Exercise aim: Using only the entries below, copy exactly the lines that begin at the one with "Where fitness is" and end at the one with "为深入学习宣传贯彻党的二十大", both included. Drop the pictures.

Available records:
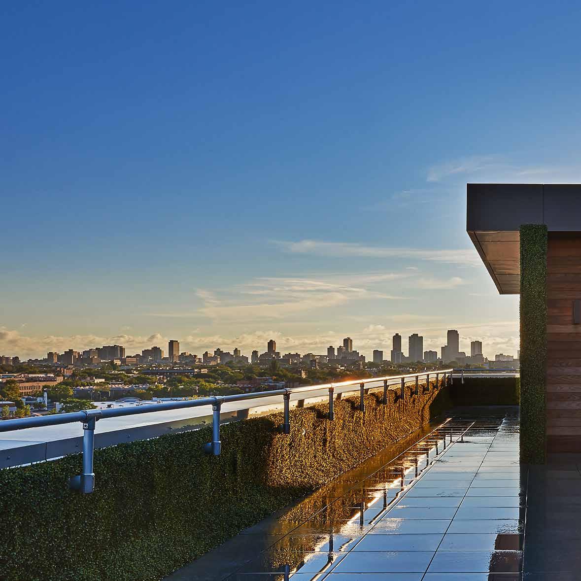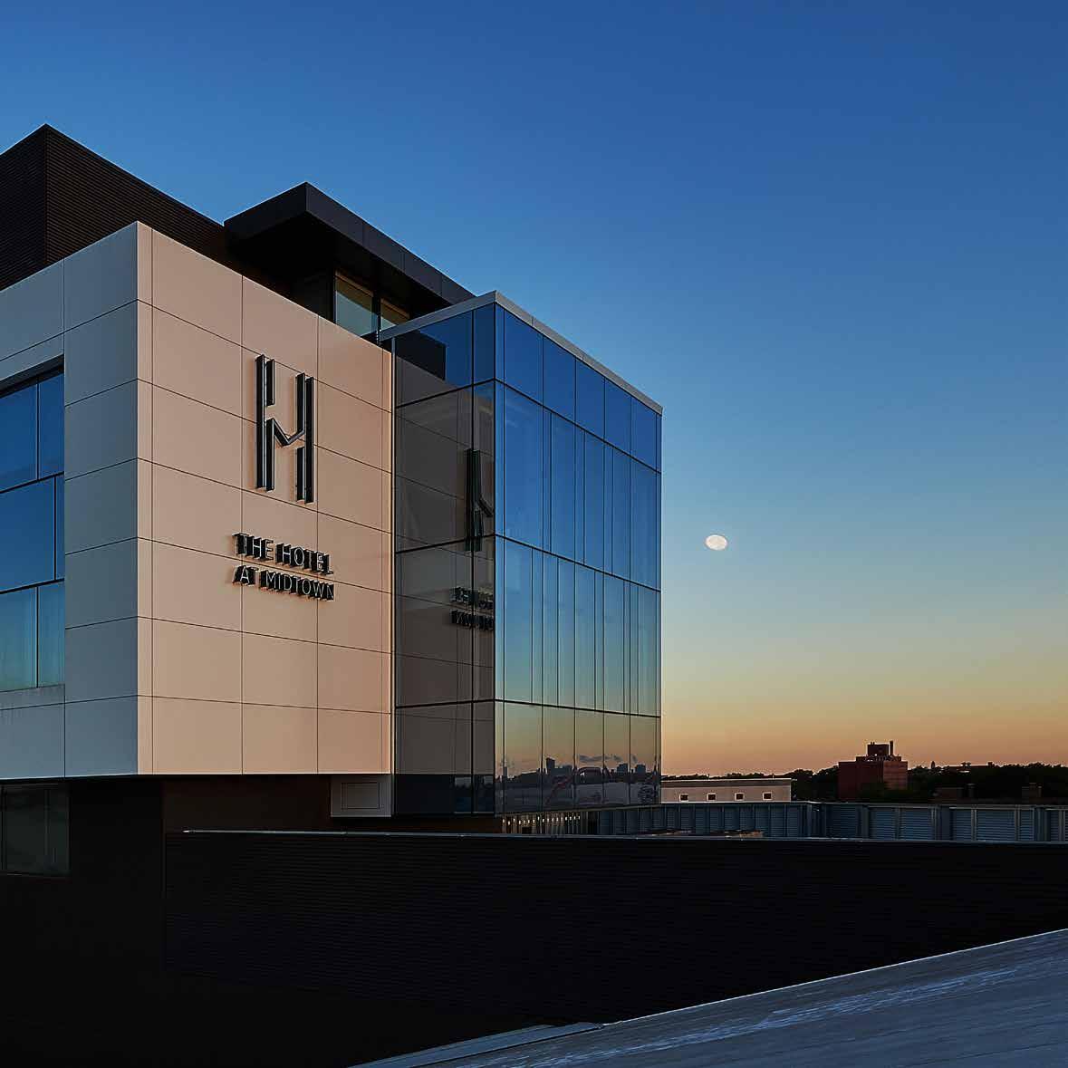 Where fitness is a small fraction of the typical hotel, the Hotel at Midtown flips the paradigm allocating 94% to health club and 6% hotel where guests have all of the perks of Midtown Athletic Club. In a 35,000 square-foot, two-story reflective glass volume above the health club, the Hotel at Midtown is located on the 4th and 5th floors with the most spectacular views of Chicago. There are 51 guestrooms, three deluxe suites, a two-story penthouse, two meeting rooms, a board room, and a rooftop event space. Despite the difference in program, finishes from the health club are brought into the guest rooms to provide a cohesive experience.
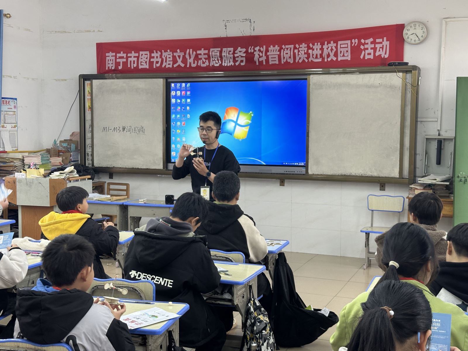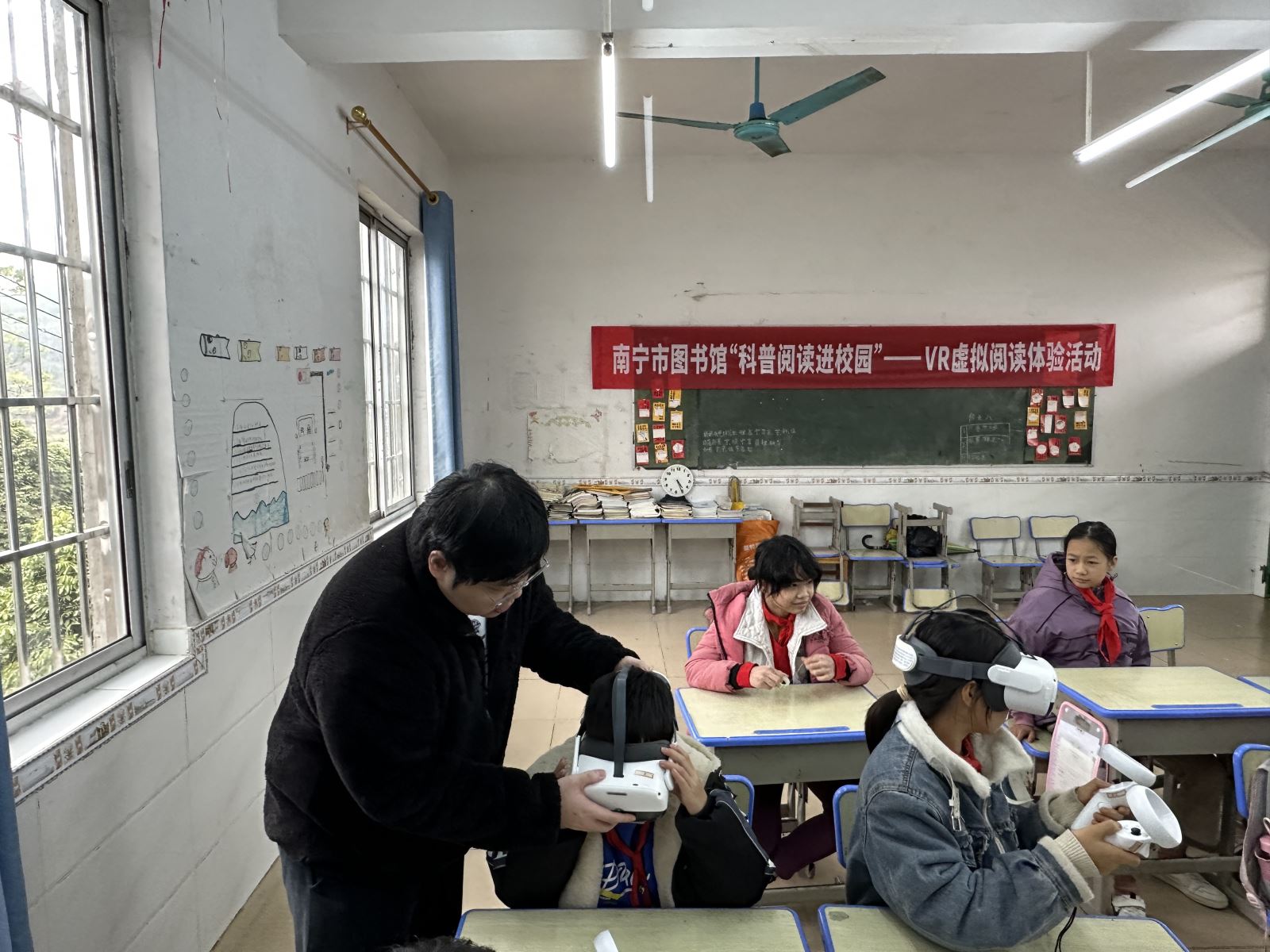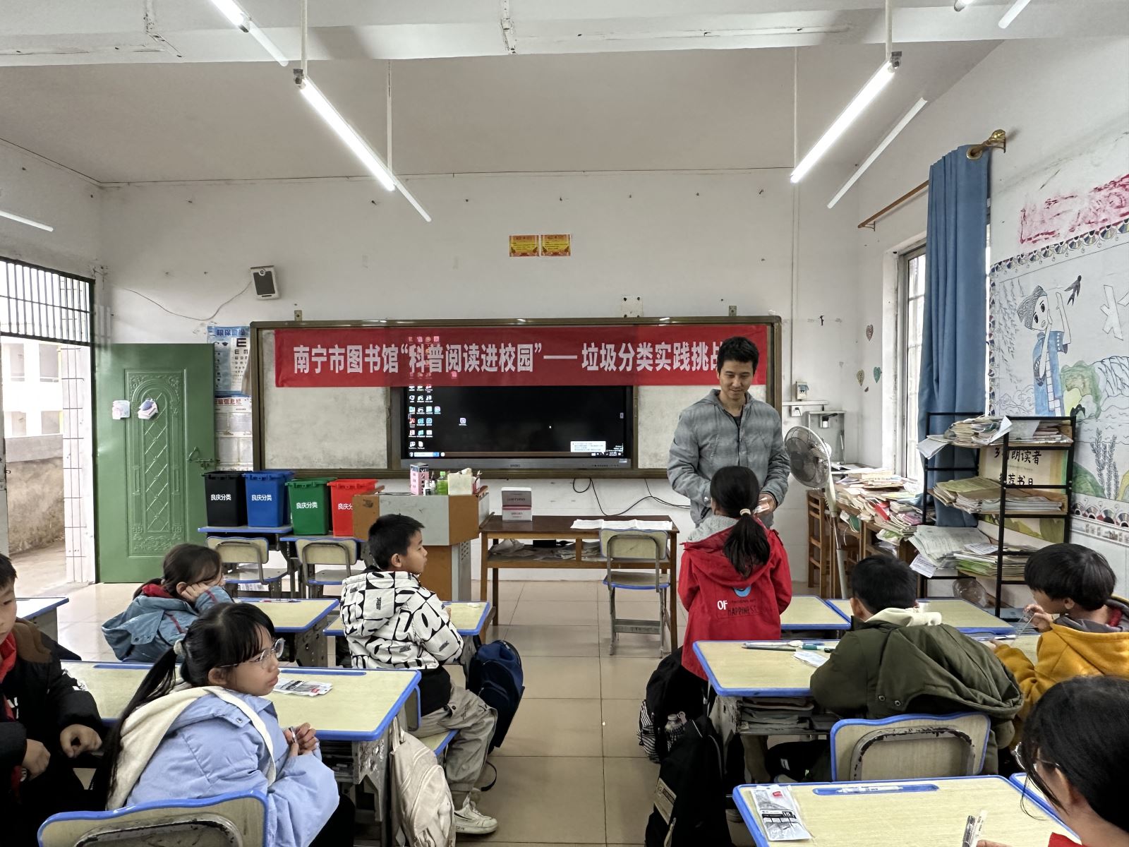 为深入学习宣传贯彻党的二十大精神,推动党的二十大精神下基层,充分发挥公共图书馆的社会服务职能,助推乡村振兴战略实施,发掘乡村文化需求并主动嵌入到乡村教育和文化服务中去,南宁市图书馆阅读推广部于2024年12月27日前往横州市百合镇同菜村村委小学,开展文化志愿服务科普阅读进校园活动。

==

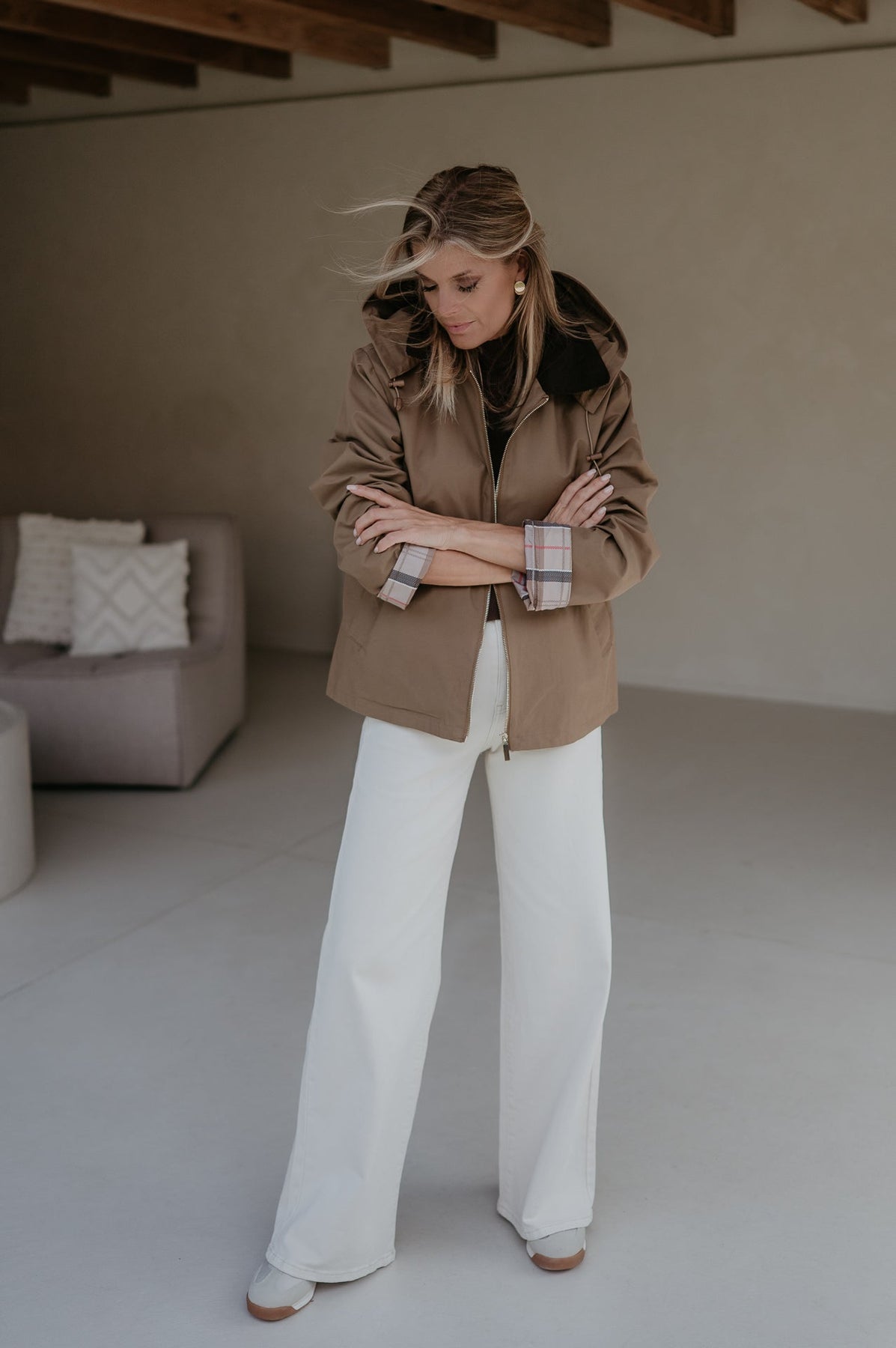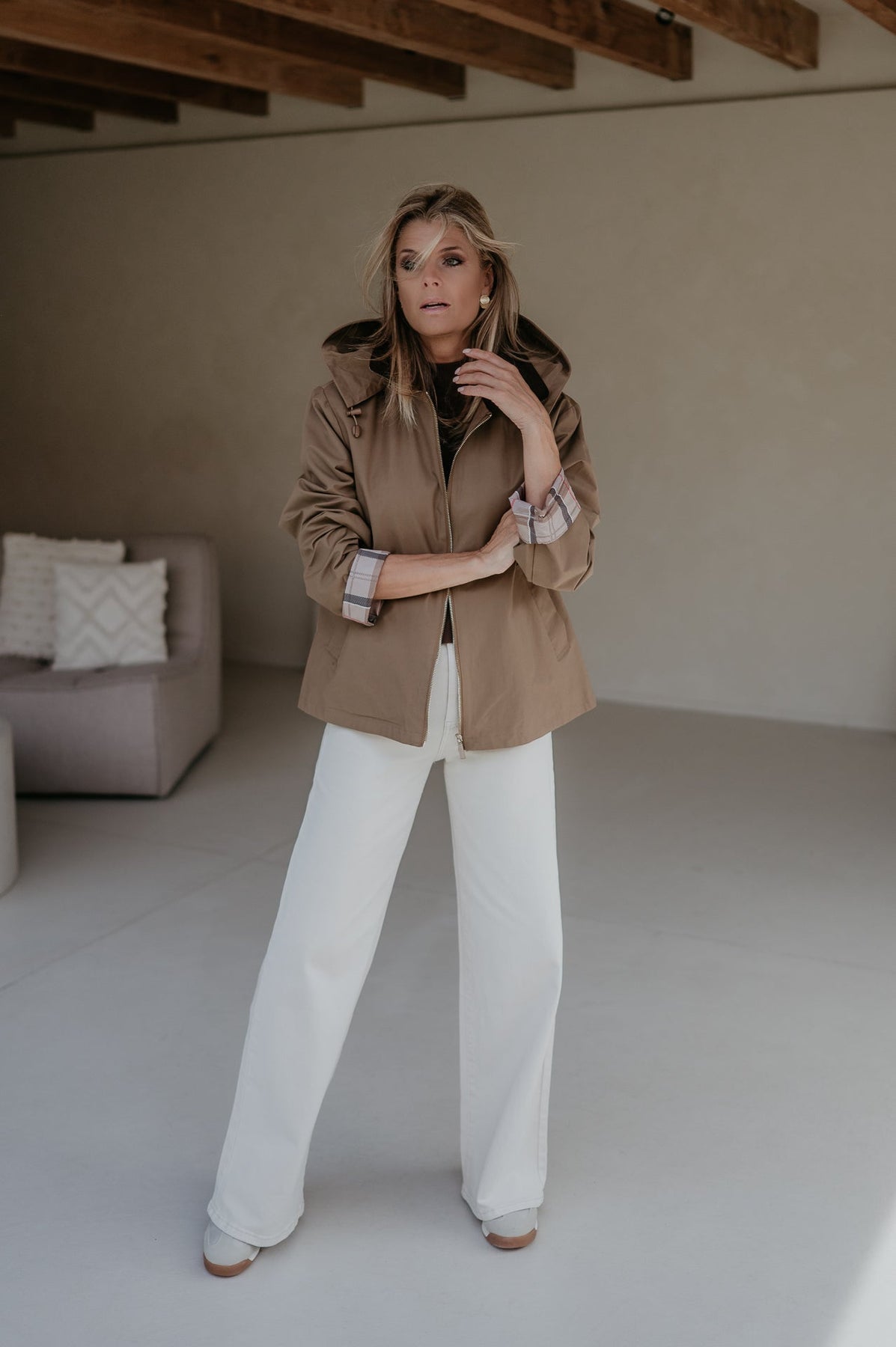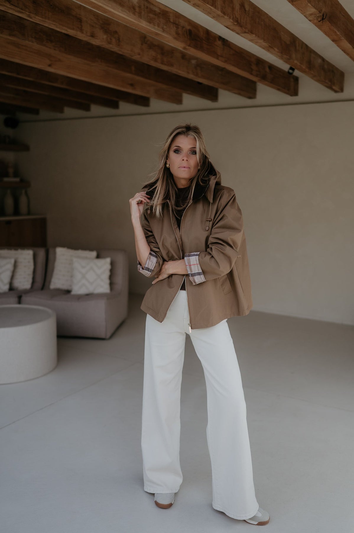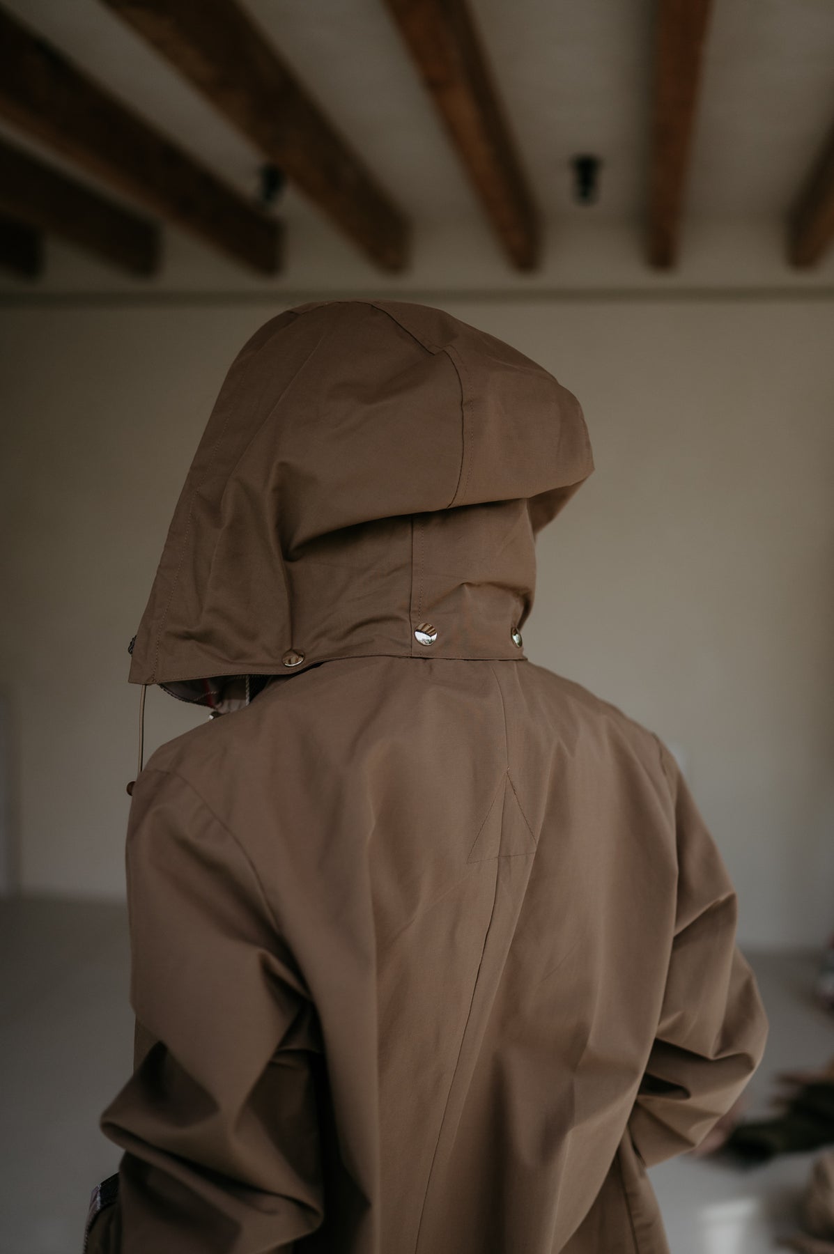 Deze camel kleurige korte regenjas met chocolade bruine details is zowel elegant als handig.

Output for this exercise:
 Where fitness is a small fraction of the typical hotel, the Hotel at Midtown flips the paradigm allocating 94% to health club and 6% hotel where guests have all of the perks of Midtown Athletic Club. In a 35,000 square-foot, two-story reflective glass volume above the health club, the Hotel at Midtown is located on the 4th and 5th floors with the most spectacular views of Chicago. There are 51 guestrooms, three deluxe suites, a two-story penthouse, two meeting rooms, a board room, and a rooftop event space. Despite the difference in program, finishes from the health club are brought into the guest rooms to provide a cohesive experience.
 为深入学习宣传贯彻党的二十大精神,推动党的二十大精神下基层,充分发挥公共图书馆的社会服务职能,助推乡村振兴战略实施,发掘乡村文化需求并主动嵌入到乡村教育和文化服务中去,南宁市图书馆阅读推广部于2024年12月27日前往横州市百合镇同菜村村委小学,开展文化志愿服务科普阅读进校园活动。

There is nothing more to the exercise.